Anderson recounted how Chavez won many Democratic victories, including being elected by overwhelming majorities, while also winning a referendum to rewrite the constitution. Maduro didn’t inherit this political capital, despite being the anointed heir of Chavismo. Instead, he took power in 2013 after winning an election with a razor-thin majority.
Maduro was an awkward fit, Anderson said. At one point, he said that Chavez’s spirit had spoken to him in the form of a little bird - earning widespread ridicule.
After oil prices collapsed and Venezuela’s economy was thrown into disarray, opposition parties made gains in the Venezuelan Congress for the first time since Chavez took power. Unwilling to give up his grip on power, Maduro decided to disband Congress and replace it with a constituent assembly stocked with ruling party loyalists.
Over the summer, Maduro pushed through the vote on the constituent assembly in an election that was found to be fundamentally anti-democratic by foreign monitors and the political opposition.
When asked if this is a transition from a democracy to a dictatorship, Anderson said it’s a little more complicated.
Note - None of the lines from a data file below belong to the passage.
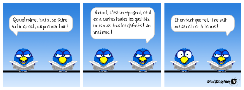 Case 1:Bird 1: Quand même, Rafa, se faire sortir direct, au premier tour! | Case 2: Bird 1: Normal, c'est un Espagnol, et il en a certes toutes les qualités, mais aussi tous les défauts ! Un vrai mec ! | Case 3: Bird 1: Et en tant que tel, il ne sait pas se retirer à temps !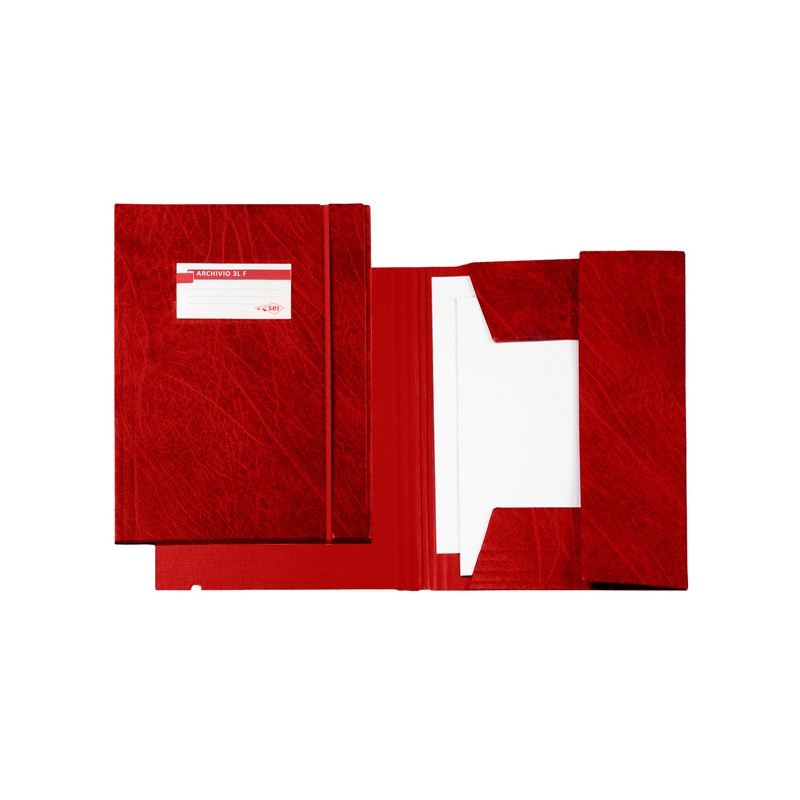 Cartella 3 lembi con elastico F - 25 x 35 cm - dorso 3 cm - Colpan - rosso - Sei Rota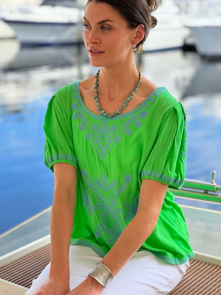 A legacy of artistry, reawakened. These artisan-made designs mark Sigrid Olsen’s return to fashion — viewed through the lens of a life shaped by nature’s rhythm: slower, more intentional, and deeply human. Crafted in cotton and hand-printed in joyful hues, each piece embodies her love of colorful, sustainable clothing, created with care and meaning stitched into every seam.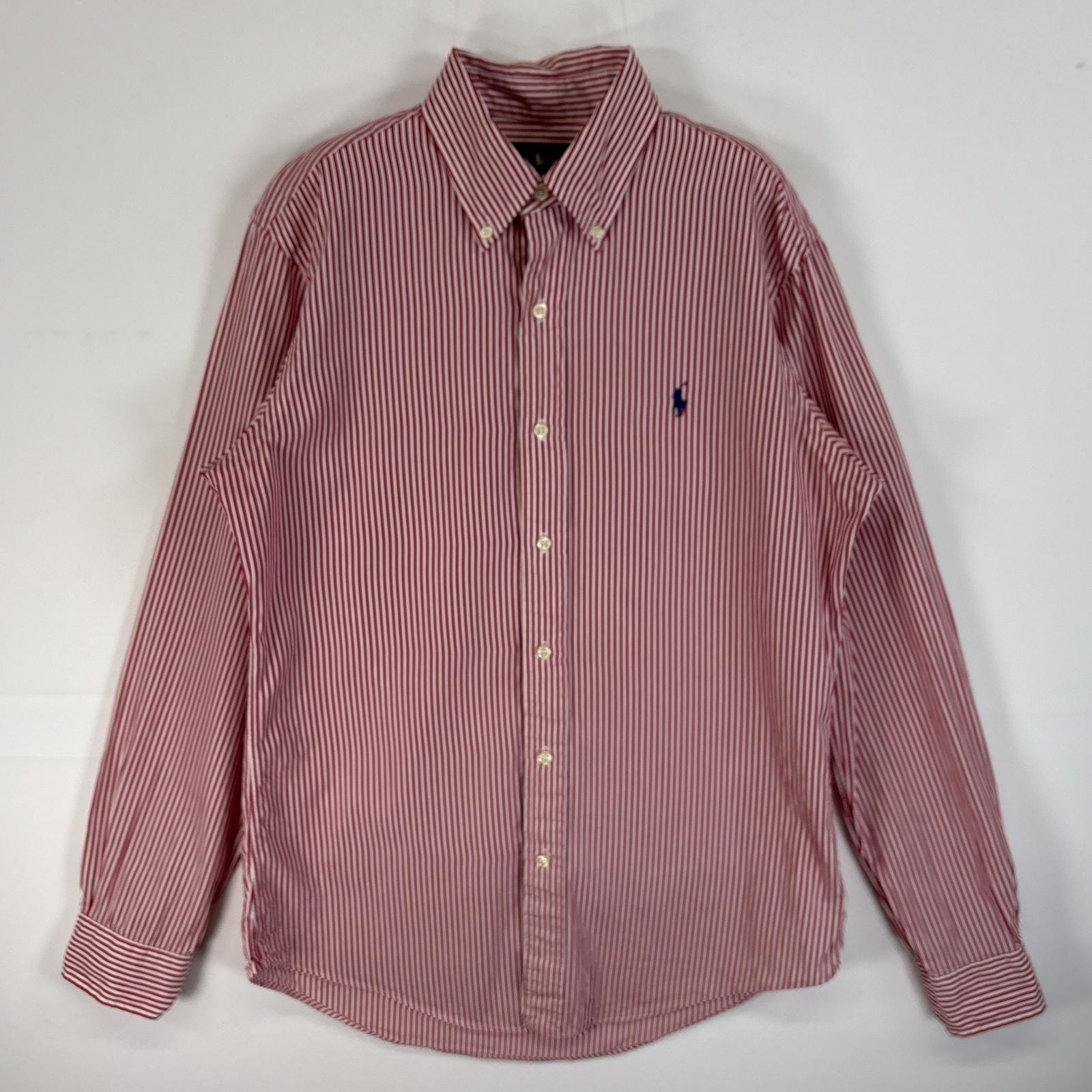 古着 ラルフローレン RALPH LAUREN 長袖シャツ ロゴ 刺繍 ボタンダウン S レッド系 ストライプ メンズ

He described the contemporary political system in Venezuela as an "authoritarian democracy" (which to us sounds like an oxymoron).
“If in the US, the political opposition launched a campaign like the opposition did in Venezuela this year, all would be sent to the electric chair. Nobody would be saved. All nations have laws and all nations have a right to defend themselves,” he said.
Street violence in Venezuela between March and July lead to hundreds of deaths. If the opposition tries to create these types of disturbances, Maduro said, the crackdown will be much more severe.
Moving on to the discussion of sanctions, Anderson said that while Maduro is worried about the sanctions, he pointed out that there are still many powerful countries that want to do business with Venezuela.
According to Anderson, US officials begrudgingly acknowledge this state of affairs: The US doesn’t have the tools to deal with Maduro’s government because Russia and China have shown a willingness to come to Venezuela’s rescue.
The US is now allowing Russia and China to “pick up the slack” as its own influence wanes.
Anderson adds that we should be engaging with Venezuela because it’s “going through the sewer” on our watch. The US is still buying Venezuelan oil - in a sense, the US is “keeping [the country] alive.” Meanwhile, Maduro insists he wants a powerful opposition in Venezuela - but one that’s not controlled by Washington.
Of course, with inflation set to reach 3,000% this year and mobs of starving Venezuelans still taking to the streets in Caracas, the future of Maduro’s rule looks as uncertain as ever.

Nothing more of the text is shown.